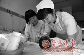 18日,在青岛海慈医院,产科护理人员正在为一名宝宝做护理。当日,该院举行母婴床旁护理比武。据了解,以前医院给新生儿洗浴,都是由护士带到专门的洗浴间进行,而母婴床旁护理服务则是由护士来到床旁,在母亲的注视下给孩子洗澡,这种人性化的服务受到了产妇及家属的欢迎。
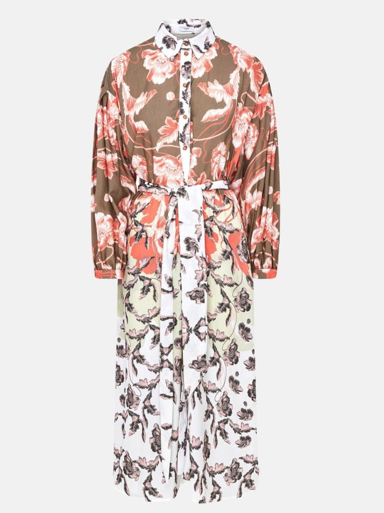Giselle High Low Hem Shirt Dress. Dropped shoulder belted dress. Crafted from lightweight and breathable viscose, this dress offers comfort and ease of wear throughout the day. The placement print design creates a visually captivating effect. With its midi length this dress strikes the perfect balance between casual and polished, making it suitable for various occasions.
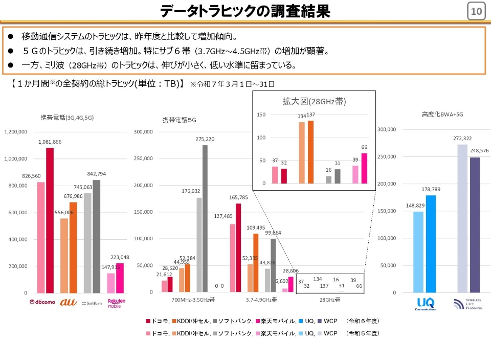 データからも明らかなように、5G基地局数は増加を続けているが、通信トラフィックの伸びはサブ6帯(3.7~4.5GHz)が中心で、28GHzミリ波の利用は依然として限定的である。これは、5Gの主戦場が通信速度よりも“面のカバレッジと混雑耐性”にあることを示している。

_ _ _ _

Set the listing down again exactly, skipping each picture.

 18日,在青岛海慈医院,产科护理人员正在为一名宝宝做护理。当日,该院举行母婴床旁护理比武。据了解,以前医院给新生儿洗浴,都是由护士带到专门的洗浴间进行,而母婴床旁护理服务则是由护士来到床旁,在母亲的注视下给孩子洗澡,这种人性化的服务受到了产妇及家属的欢迎。
Giselle High Low Hem Shirt Dress. Dropped shoulder belted dress. Crafted from lightweight and breathable viscose, this dress offers comfort and ease of wear throughout the day. The placement print design creates a visually captivating effect. With its midi length this dress strikes the perfect balance between casual and polished, making it suitable for various occasions.
 データからも明らかなように、5G基地局数は増加を続けているが、通信トラフィックの伸びはサブ6帯(3.7~4.5GHz)が中心で、28GHzミリ波の利用は依然として限定的である。これは、5Gの主戦場が通信速度よりも“面のカバレッジと混雑耐性”にあることを示している。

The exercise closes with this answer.